After about five minutes the shaking and the noises stop – an uneasy silence sets in. The people beside me are in shock. An English girl is kissing her boyfriend, in a trance. She feels this is the last moment she can be with her loved one. A very pretty Israeli girl is mentally absent, murmuring prayers and crying silently. The lady who owns the lodge sees her property in ruins and laments. Yati is silent, rolling her eyes and moving her lips, praying for mercy.
All of a sudden: an aftershock. It is a feeling the soldiers must have had in World War One, sitting in their trenches, not knowing whether the next shot will end their lives.
Some Sherpas try to keep everything under control. They recommend waiting for approximately half an hour, avoiding possible aftershocks before continuing our descent into the relative safety of Syabrubesi. Despite the warnings of others, I leave our hiding place and go for an inspection.
The entire lodge is gone. I look beyond; the trail is completely gone, buried under meters of huge rocks and boulders. 200 metres away I can see the trail reappearing, covered with a few stones – still passable. I look for our luggage; the two bags carried by our porter, and can’t find anything. Everything close to the lodge was swept down by the avalanche and buried deep under the rocks.
It is quiet, but an aftershock could come at any time, so we try to pass all the avalanche areas as quickly as possible. We climb huge boulders to reach the original trail. One hour down, crossing three more dangerous landslide areas and a tributary to Langtang Khola, we reach a little, badly damaged village. We continue as fast as possible, 5km further to Syabru.

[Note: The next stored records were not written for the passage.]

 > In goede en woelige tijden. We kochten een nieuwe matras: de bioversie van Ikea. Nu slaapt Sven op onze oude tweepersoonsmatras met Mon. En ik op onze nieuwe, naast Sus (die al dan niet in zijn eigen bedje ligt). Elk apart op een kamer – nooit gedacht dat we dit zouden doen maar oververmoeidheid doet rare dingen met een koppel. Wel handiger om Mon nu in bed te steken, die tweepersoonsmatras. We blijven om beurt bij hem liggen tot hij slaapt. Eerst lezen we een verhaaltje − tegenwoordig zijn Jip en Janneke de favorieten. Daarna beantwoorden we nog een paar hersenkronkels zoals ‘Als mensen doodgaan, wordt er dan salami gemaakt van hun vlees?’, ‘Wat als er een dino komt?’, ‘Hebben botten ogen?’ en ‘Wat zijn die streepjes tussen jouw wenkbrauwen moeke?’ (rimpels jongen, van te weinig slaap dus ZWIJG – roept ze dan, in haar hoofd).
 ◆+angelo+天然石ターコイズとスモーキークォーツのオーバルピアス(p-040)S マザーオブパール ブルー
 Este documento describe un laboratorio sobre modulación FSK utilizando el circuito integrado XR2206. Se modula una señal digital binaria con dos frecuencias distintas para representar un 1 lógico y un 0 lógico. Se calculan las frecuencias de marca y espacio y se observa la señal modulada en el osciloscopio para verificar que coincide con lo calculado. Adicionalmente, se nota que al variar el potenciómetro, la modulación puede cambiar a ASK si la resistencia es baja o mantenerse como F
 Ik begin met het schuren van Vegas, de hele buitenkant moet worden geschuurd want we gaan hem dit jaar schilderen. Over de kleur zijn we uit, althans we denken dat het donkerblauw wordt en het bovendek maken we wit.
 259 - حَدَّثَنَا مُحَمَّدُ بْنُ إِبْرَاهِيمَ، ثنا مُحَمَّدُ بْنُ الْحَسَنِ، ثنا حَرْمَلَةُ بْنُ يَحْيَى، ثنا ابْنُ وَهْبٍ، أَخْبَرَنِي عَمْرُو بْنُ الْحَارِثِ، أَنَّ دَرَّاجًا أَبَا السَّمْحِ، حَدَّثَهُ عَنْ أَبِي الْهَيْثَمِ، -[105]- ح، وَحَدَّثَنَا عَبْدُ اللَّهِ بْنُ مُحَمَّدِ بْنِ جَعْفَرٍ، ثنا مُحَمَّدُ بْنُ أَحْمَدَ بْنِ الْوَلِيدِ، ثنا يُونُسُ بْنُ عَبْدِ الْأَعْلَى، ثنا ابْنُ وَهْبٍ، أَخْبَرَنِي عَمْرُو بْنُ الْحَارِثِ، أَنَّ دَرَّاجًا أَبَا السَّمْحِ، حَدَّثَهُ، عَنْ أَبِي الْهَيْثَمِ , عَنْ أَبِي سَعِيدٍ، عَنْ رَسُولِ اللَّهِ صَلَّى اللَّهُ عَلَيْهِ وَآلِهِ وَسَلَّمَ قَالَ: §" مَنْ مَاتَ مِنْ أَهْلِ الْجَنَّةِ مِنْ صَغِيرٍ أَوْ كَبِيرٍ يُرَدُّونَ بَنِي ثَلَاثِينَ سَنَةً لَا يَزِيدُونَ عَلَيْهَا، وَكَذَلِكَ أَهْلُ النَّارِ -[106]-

Two km down, the trail is completely destroyed, where it used to be is a yawning gorge down to the river below. The only way to get around is up. Yati is ahead and Madan comes back to help me get over the obstacles. Then a chance to cross parallel to the former trail, but higher up and steeper down again to the place where the trail still exists. I manage, partly riding down on my bum, and see the trail again.

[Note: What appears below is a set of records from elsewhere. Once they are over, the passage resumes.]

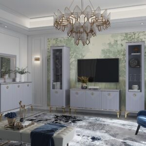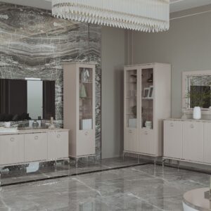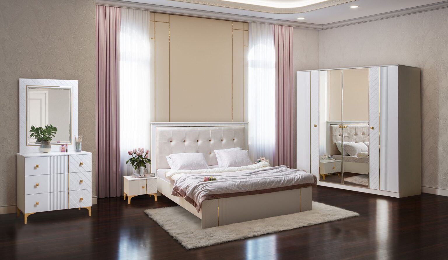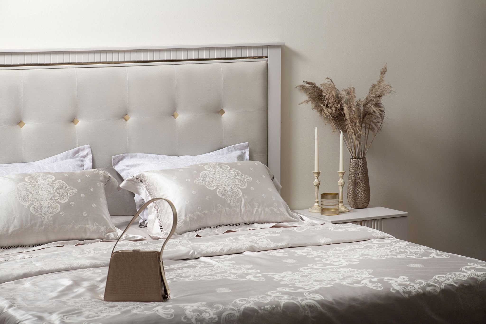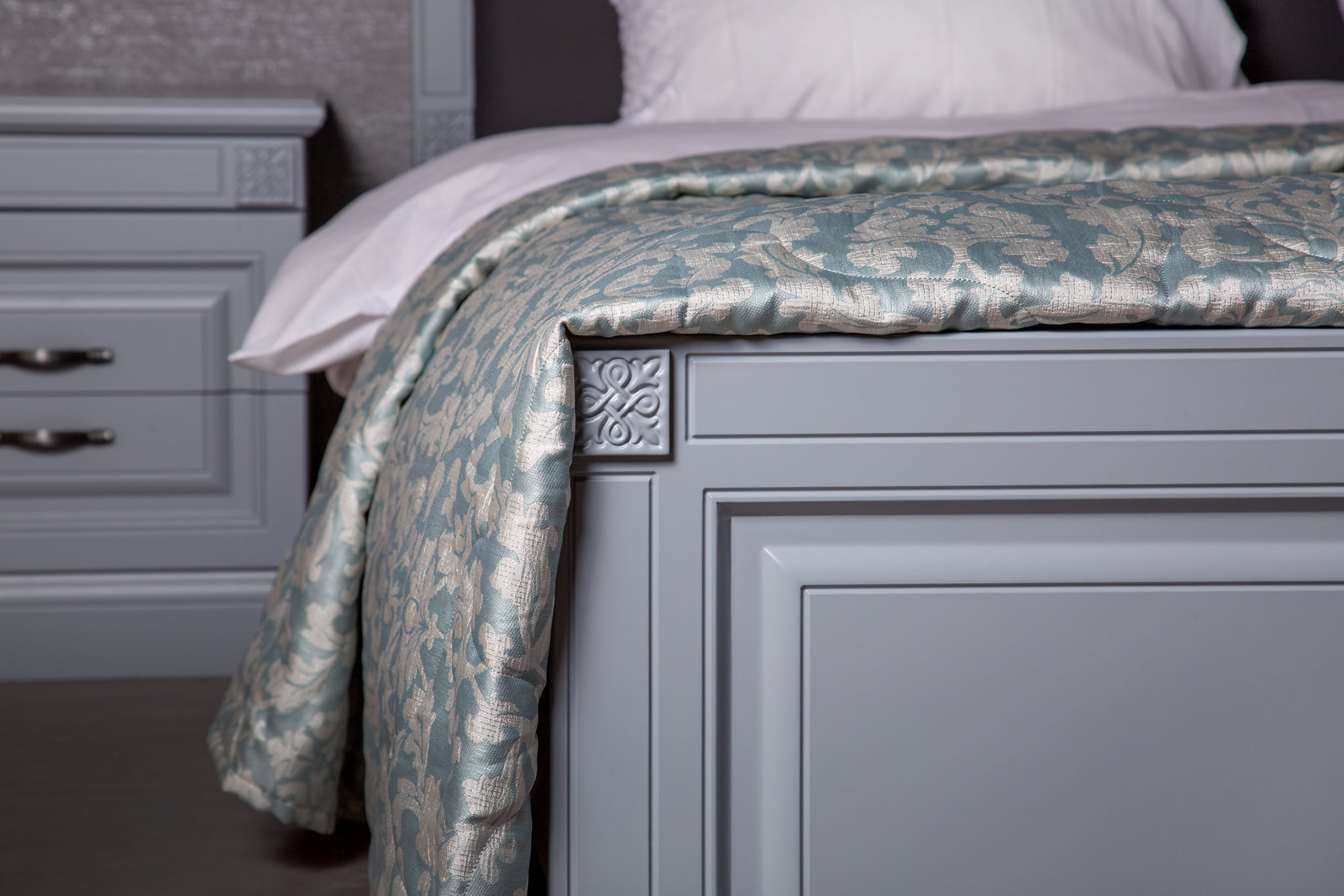Но красиво и богато не значит дорого. Для изготовления фасадов наша мебельная фабрика использует крашеный МДФ (Kronospan, Kastamonu), для изготовления корпусов – ЛДСП (русский ламинат). Это износостойкие, экологичные и доступные материалы, которые выглядят презентабельно и удешевляют общую стоимость комплекта без потери качества.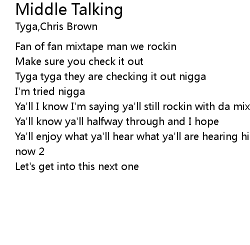 | [00:05.38] | Tyga tyga they are checking it out nigga |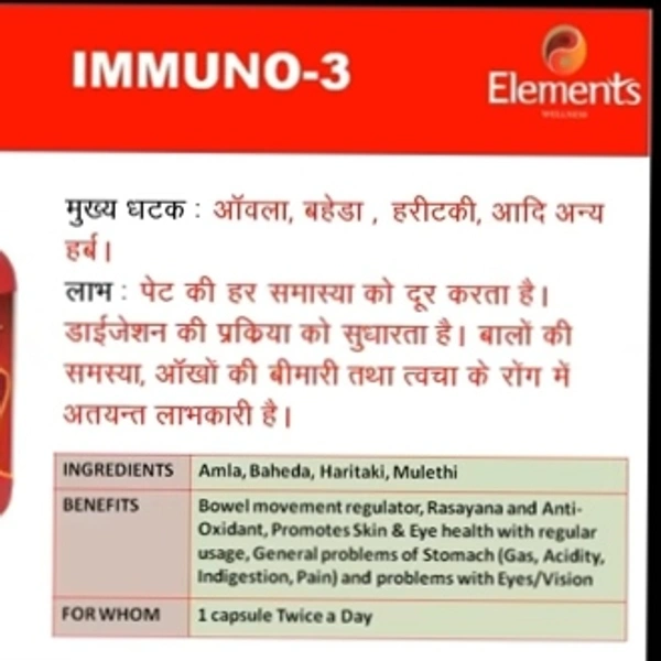 किसके लिए : पेट की सामान्य समस्याएं ( गैस , एसिडिटी , अपच , दर्द ) और आंख / दृष्टि की समस्या प्रमुख सामग्री : आंवला , बहेडा , हरिताकी , मुलेठी लाभ : बॉउल मूवमेंट रेगुलेटर , रसायण और एंटी ऑक्सीडेंट , नियमित उपयोग के साथ त्वचा और नेत्र स्वास्थ्य को बढ़ावा देता है उम्र क्या है : 15 साल कैसे उपयोग करें : 1 कैप्सूल प्रतिदिन दो बार या चिकित्सक द्वारा निर्देशित कब : सुबह और शाम । खाली पेट न लें । पैक आकार : 60 शाकाहारी कैप्सूल

A bit further down, the trail crosses a big stone fall area of about 200m. I try to continue, discover a frightened green snake between the rocks, when two hiding porters call me back. Not a second too soon as another avalanche hits. After a few minutes, the stones stop and the two guys who saved me are running over the field like weasels. I cannot follow that fast, and in the middle of the field another aftershock sets everything into motion again.
I jump into a hole in the ground under a rock, with a rather knotty tree on top. Any bigger rock hitting my hideout would kill me. The inferno gets worse, as boulders as big as cars come down left and right, luckily not in the middle. The worst things to endure are the noises. I can’t say how long it lasts. Three minutes maybe, but that can be an eternity.
I nearly faint, and I do something that I have not done for 60 years. I pray. Oh Lord, have mercy on me.
The noises finally stop. Was it the prayer? I can’t say. I step out of hiding; rub my body, everything still there.
I continue my walk as fast as I can. Yati and Madan crossed the place earlier so I know they are safe. Two km more, crossing smaller stone falls, up to the village opposite Syabru on the east side of the Bhote Koshi Nadi. A few hundred metres up to the collecting point in the village, Yati and and Madan are waiting, immensely relieved to see me.
Recently, I read that about 112 trekkers are missing in the Langtang area. My decision that day to cut the trip short and descend saved our lives. I think about the many trekkers I saw moving up the mountain, full of optimism – they are not with us anymore. The Langtang area was probably the worst hit in Nepal. April 25, 2015 was a day that I can say in all confidence was the worst day of my life.